With all these intersecting storylines, it would have been easy for Paris to become muddled or thin, but Klapisch skillfully balances them all. After all, the real subject of her film, as the title suggests, is the dynamic city of Paris, a city that, as Roland Verneuil tells us in a classroom scene, is the setting of a never ending battle between the ancient and the modern. The city’s struggles with her own past are what keep the city continually new. The characters are driven, as one might expect in the city of love, by their hopes and anxieties over finding romance. It is in these relationships that the old and new collide, with the awkwardness of old fashioned sexual morality hitting a fun-loving promiscuousness head on.
Pierre sleeps with Élise’s co-worker, but she “can’t handle” what Pierre understood as a one-night fling. Élise rejects a one-night fling, unable to engage in casually physicality, only to later find herself in a tender, loving relationship with Jean. Roland’s sexy encounters with Laetitia only lead him to heartbreak when he discovers Laetitia has other partners, and he discovers himself to be as much of a sexual idea as she was to him. Roland’s brother, meanwhile, is expecting his first child, but is thrown into a panic when his brother suggests his life is normal – read: boring and irrelevant. And Caroline’s flirtations with Franky push her over the edge when he gropes, teases, and humiliates her at a party, pushing her to the point of tears.
As a portrait of a city, Paris does well to keep the direct talk about the city to a minimum, instead using the stories of these many lives to reveal the place to us. Pierre is a balcony voyeur, and he speaks to his sister about the comfort in watching the drama of others lives play out around him. In his classroom and also on a local television show, Roland talks about the history of his city, but rather than coming off as stale or too cerebral, the history lesson informs his own anxieties about his relevance, age, mortality, and desire for young romance. Although there is one additional storyline between a young model and an immigrant from North Africa that seems tacked on, the majority of characters, when taken as a whole, reveal how the life of the city is invigorated by the proximity and diversity of individuals. Typical Paris, one might say, it is the convergence of social classes glued together by the universality of romance and attraction that seeds the life of the city.

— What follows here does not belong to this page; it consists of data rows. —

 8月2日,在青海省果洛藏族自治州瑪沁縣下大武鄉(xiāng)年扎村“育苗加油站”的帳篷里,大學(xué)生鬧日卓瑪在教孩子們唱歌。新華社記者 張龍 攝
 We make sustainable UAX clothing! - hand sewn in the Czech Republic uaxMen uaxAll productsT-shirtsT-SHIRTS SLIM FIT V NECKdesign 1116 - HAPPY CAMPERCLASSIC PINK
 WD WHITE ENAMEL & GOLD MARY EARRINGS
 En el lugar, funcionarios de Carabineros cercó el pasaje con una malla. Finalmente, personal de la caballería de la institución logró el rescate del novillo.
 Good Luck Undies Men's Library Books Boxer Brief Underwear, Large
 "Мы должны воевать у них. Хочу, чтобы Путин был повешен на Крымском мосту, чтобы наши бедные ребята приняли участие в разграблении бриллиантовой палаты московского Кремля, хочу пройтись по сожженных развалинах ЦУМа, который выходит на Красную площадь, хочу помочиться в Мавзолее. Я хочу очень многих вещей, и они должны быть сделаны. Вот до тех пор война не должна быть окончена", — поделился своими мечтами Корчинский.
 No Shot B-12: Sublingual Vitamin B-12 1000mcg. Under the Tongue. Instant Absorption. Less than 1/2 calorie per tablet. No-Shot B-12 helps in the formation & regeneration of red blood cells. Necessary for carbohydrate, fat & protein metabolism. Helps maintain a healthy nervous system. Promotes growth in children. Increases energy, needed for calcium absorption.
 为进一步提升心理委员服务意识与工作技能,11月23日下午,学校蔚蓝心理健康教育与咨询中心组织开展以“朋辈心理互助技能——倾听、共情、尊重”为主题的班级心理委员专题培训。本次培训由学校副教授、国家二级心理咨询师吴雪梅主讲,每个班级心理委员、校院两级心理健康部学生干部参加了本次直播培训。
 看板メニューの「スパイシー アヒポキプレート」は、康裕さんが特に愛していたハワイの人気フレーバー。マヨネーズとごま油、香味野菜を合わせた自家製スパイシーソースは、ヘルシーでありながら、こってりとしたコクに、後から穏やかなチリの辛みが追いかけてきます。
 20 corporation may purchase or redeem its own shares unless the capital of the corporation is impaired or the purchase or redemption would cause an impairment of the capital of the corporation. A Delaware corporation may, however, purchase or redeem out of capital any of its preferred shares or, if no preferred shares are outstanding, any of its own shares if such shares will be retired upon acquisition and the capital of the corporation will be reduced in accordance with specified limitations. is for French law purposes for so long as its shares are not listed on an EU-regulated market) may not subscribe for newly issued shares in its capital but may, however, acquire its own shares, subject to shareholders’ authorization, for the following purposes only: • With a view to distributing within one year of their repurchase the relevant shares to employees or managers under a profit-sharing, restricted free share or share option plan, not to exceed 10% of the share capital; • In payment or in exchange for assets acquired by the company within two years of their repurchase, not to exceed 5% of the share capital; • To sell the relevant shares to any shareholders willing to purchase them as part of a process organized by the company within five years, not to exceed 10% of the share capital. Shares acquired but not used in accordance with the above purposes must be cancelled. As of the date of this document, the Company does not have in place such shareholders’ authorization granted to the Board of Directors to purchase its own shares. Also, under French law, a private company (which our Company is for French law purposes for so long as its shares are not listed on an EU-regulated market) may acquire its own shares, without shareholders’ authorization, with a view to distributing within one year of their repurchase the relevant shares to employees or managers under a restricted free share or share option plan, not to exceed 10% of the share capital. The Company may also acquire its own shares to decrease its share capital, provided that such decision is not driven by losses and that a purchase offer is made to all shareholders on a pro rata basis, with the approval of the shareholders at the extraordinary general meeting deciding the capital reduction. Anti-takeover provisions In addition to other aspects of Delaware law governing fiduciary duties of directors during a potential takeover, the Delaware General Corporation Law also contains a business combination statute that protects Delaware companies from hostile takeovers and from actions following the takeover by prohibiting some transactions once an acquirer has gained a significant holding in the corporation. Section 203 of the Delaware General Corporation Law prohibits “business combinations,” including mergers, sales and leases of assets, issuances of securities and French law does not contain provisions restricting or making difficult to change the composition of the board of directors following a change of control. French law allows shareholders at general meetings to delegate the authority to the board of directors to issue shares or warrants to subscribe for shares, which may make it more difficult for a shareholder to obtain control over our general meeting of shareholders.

All this, realized with strong performances led by Juliette Binoche, makes Paris a cozy, enjoyable watch. Despite the seeming presence of high drama, the film maintains a modest tone. It is an easy going pleasure, an experience not dissimilar to curling up in a window-side table in a Parisian café with a cup of coffee on an autumn day and watching the people go by. Life gets messy, Klapisch seems to say, but in Paris it always remains sweet.